Pierwsza połowa nie była jednak porywająca. Obie strony miały swoje sytuacje, ale najczęściej gracze jednej i drugiej drużyny strzelali niecelnie. Sporo było też walki w środkowej strefie boiska. Kości trzeszczały, ale składnych akcji było już mniej.

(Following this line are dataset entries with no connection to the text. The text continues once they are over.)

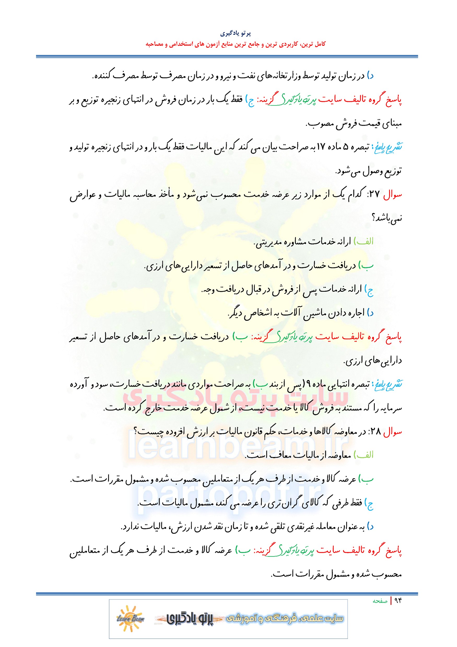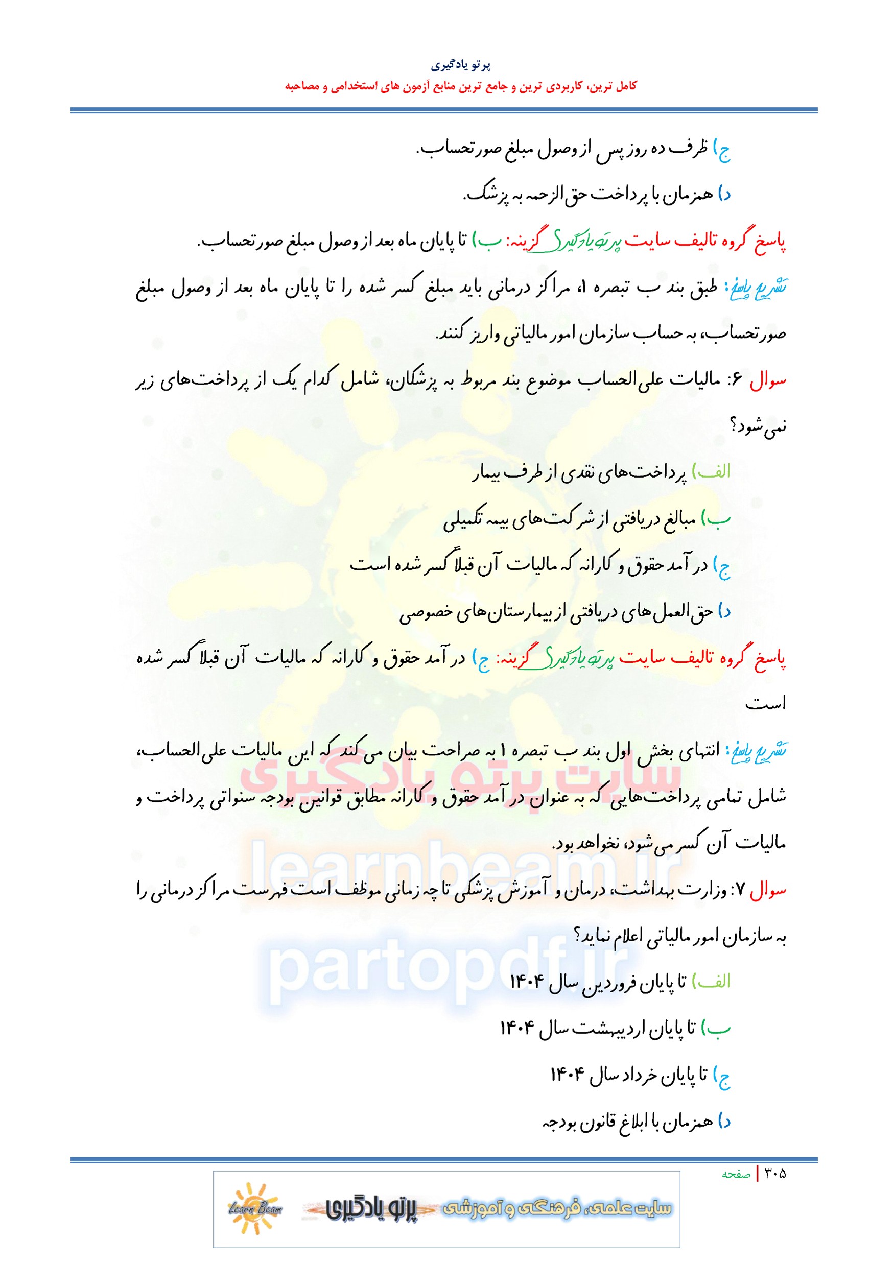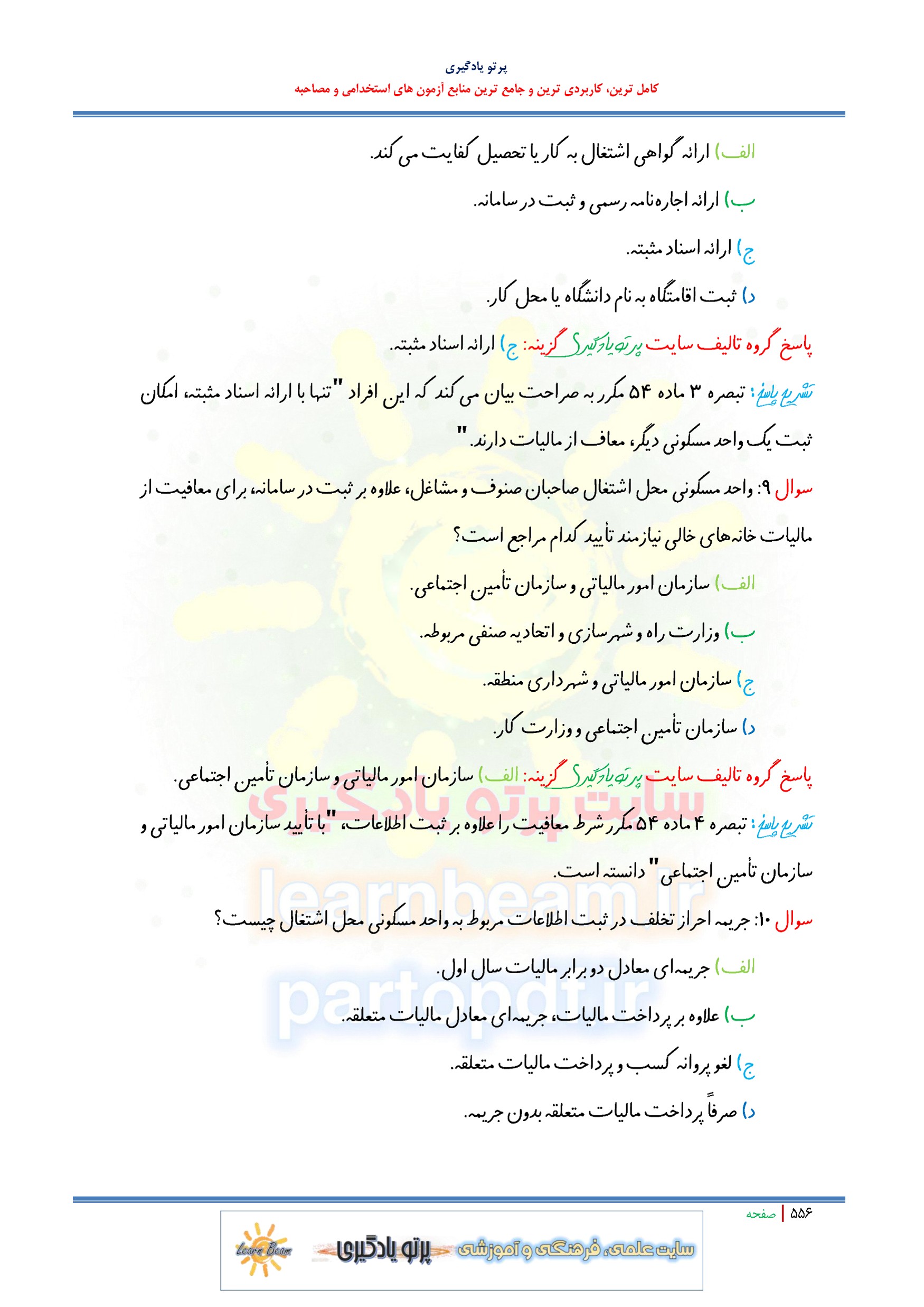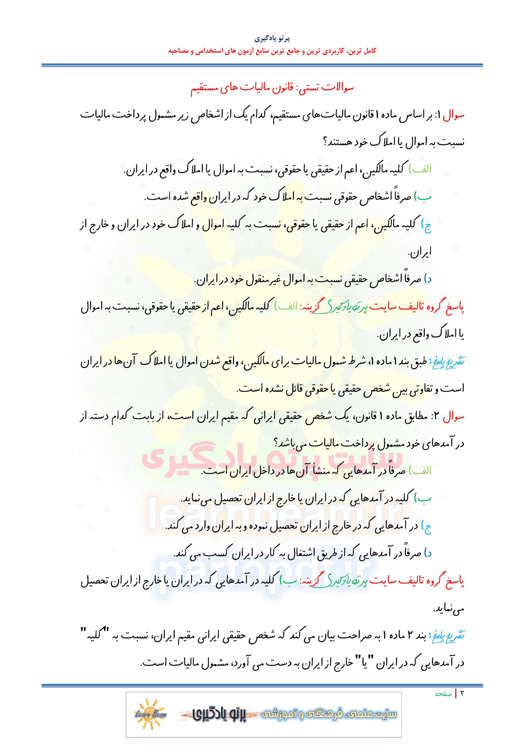 مجموعه سوالات و تست قوانین مالیاتی با پاسخ تشریحی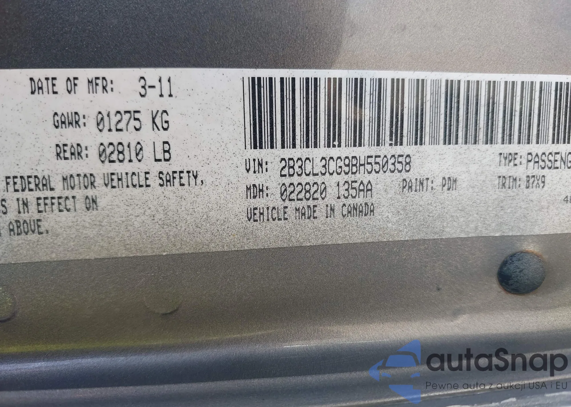 LOT: 42569819 VIN: 2B3CL3CG9BH550358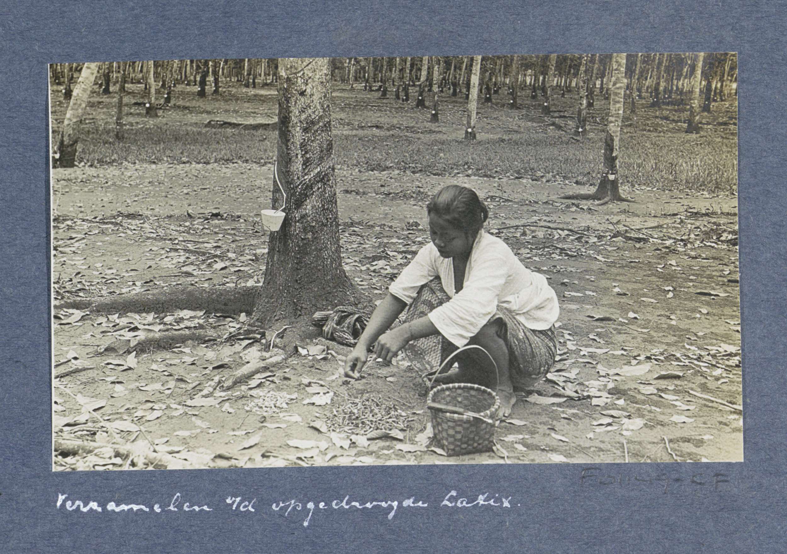 Vrouw verzamelt opgedroogde latex (rubbersap) op pla...
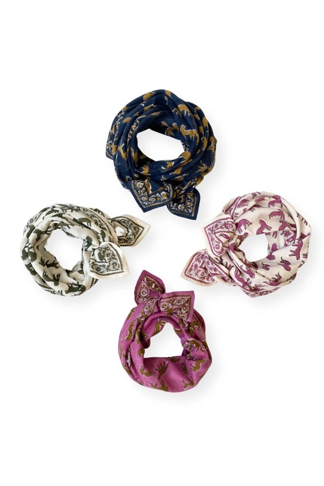 Ce joli foulard est confectionné de manière artisanale grâce à la technique indienne du block-print. Ses couleurs sont réalisées à partir de pigments naturels. Cette confection manuelle peut entraîner certaines “irrégularités” dont nous aimons le charme…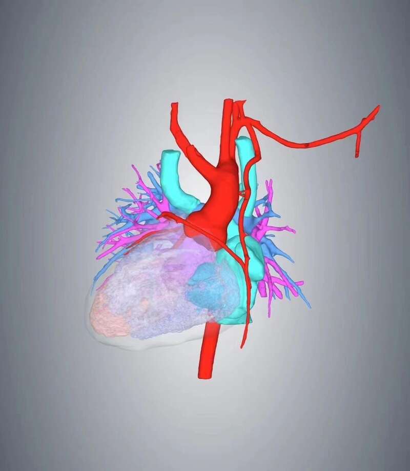 接到这位特殊的病人,医院即刻安排心脏彩超,发现小康心衰严重,同时因为肺压的增高导致缺氧,情况十分危急。医院随即组织全院多学科会诊,影像科利用三维重建技术给小康肺血管和心脏进行重建,更直观、多角度观察病人情况,同时心外科及时进行肺血管造影及肺血管压力测试,证实小康做心脏移植手术较为合适。

Druga część była już nieco żywsza. Przede wszystkim więcej było sytuacji. Długo jednak przyszło czekać, żeby piłka wylądowała w siatce. Gospodarzom nie szło z gry, więc gola przyniósł stały fragment, a sprawy w swoje ręce wzięli weterani – Maciej Małkowski dośrodkował bowiem z rzutu rożnego, a głową bramkę zdobył Dawid Szufryn. W ten sposób popularny „Ciufa” zapewnił swojej drużynie komplet punktów, bo do ostatniego gwizdka gospodarze kontrolowali już wydarzenia na boisku i utrzymali nikłe prowadzenie.
Sandecja Nowy Sącz – Stomil Olsztyn 1:0 (0:0)
Bramka: Szufryn 72.
Sandecja: Kozioł – Piter-Bućko, Szufryn, Flis – Chmiel (73 Dudzic), Baran, Małkowski, Kasprzak, Kałahur – Flaszka (61 Klichowicz), Gabrych (90+1 Basta).
Stomil: Leszczyński – Kubań, Sołowiej, Wełnicki, Szywacz – Głowacki, Trojak, Stromecki (79 Jegliński), Lech, Tanczyk (75 Zając) – Góral (74 Śledź).
Sędziował: Daniel Kruczyński (Żywiec). Żółte kartki: Kalahur, Małkowski, Kasprzak – Tanczyk, Kubań, Szywacz, Jegliński. Widzów: 2883.